The hall fell into a heavy silence as Tarique Rahman spoke of doors that never open and phone calls that never come.
“Many children are still waiting, believing that one day their disappeared father will return and knock at the door,” the BNP chairperson said. “Many mothers are still hoping that their lost child will once again call them ‘Maa’. This waiting is a great burden on the state.”

Delivered with visible emotion, his words set the tone for a gathering shaped by grief, memory and unresolved loss. On Saturday afternoon at the Bangladesh–China Friendship Conference Centre in Dhaka, families of victims of enforced disappearances, killings and alleged state violence came together under the banners of two organisations, Maayer Dak and Amra BNP Poribar. Many in the audience carried photographs of missing sons, husbands and brothers. Some had been waiting for years; others for more than a decade.

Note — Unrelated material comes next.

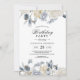 Célébrez avec style grâce à cette élégante invitation d'anniversaire sur le thème de l'hiver, qui présente de délicates fleurs bleues et blanches à l'aquarelle, des accents beige doux et une verdure botanique délicate. L'œuvre florale raffinée encadre une mise en page magnifiquement équilibrée avec une typographie classique serif et manuscrite, créant un look intemporel et sophistiqué adapté à tout âge.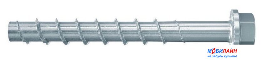 50 в упаковке, длина 60 мм, диаметр резьбы 10 мм, для бетона, головка шестигранная, с прессшайбой, наконечник плоский

Addressing the meeting as chief guest, Tarique Rahman said the suffering of these families was so profound that language itself felt inadequate. “Their pain is such that it is difficult to find words even to offer consolation,” he said.
In the front rows sat mothers who still set aside food for sons who never returned, wives who have learned to raise children in the absence of both answers and closure, and children who know their fathers only through fading photographs.
Referring to years of alleged enforced disappearances and political repression, the BNP chairperson said thousands of party leaders and activists had been subjected to torture, many killed, and more than a thousand forcibly disappeared. “Today, some of the families of those disappeared people are present here,” he said. “And many families are still waiting.”

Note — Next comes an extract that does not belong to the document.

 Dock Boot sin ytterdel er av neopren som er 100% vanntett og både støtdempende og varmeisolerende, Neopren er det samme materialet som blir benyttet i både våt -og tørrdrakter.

Despite limitations, he said, his party had continued efforts to trace the disappeared. He defended BNP’s political stance, saying its leaders and activists had not chosen secrecy or compromise in the face of injustice. “I firmly believe,” he said, “that a party whose leaders and workers can take such an uncompromising stand against wrongdoing cannot be suppressed through conspiracy or propaganda.”
Beyond recounting past suffering, Tarique Rahman framed the issue as a moral and democratic responsibility. He urged all who believe in democracy to remain vigilant, warning that attempts were being made to create controversy and obstruct the democratic path once again.

He also referred to what he described as the Election Commission’s recent controversial role, adding that BNP, as a responsible political party, was choosing patience despite its concerns.
Turning again to the families before him, he linked their pain to the broader history of sacrifice in the country. He said justice must encompass those martyred in the 1971 Liberation War, those killed in the 1990 anti-autocracy movement, the victims of disappearances and killings over the past 16 years, and those who lost their lives in the movements of 2024 and 5 August.
“To establish justice for every injustice,” he said, “Bangladesh must have a democratic government.”

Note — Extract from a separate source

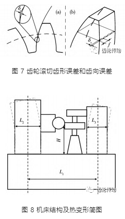 陶桂寶等建立了機床熱變形誤差模型,如圖 8 所示,探究了機床熱變形對滾齒加工精度的影響趨勢,被加工齒輪的齒距累積總偏差由 6 級精度提高到 5 級,對高速干式滾齒機床控制和補償熱誤差 具有一定的參考價值。其中,L1為床身受熱變形前 兩立柱之間的有效長度;L2、L3為大、小立柱的有效寬度; H 為切削點位置對應在大、小立柱處的高度。基于齊次坐標變換原理,鄧峰建立了高速干切滾齒切削力模型和機床幾何誤差重構模型,結果表明切削力的大小與滾刀、齒輪及加工參數有關,可通過提高滾刀的切削速度和減小滾切深度,減小高速干切滾齒的切削力,減小齒輪的加工誤差,提高加工精度。

He pledged that if such a government is formed, trials of enforced disappearances and state violence would be ensured. He also promised state initiatives so that the sacrifices of the martyred and the disappeared would be remembered from generation to generation. If BNP comes to power, he said, important roads and key state and private institutions would be named after martyrs and victims of enforced disappearance.
As the programme ended, many in the hall remained seated—some quietly wiping away tears, others clutching photographs to their chests. Outside, life in the capital moved on at its usual pace. Inside, however, time seemed suspended, held still by the same unanswered question that has followed these families for years: not only what happened, but whether the country will ever truly reckon with their waiting.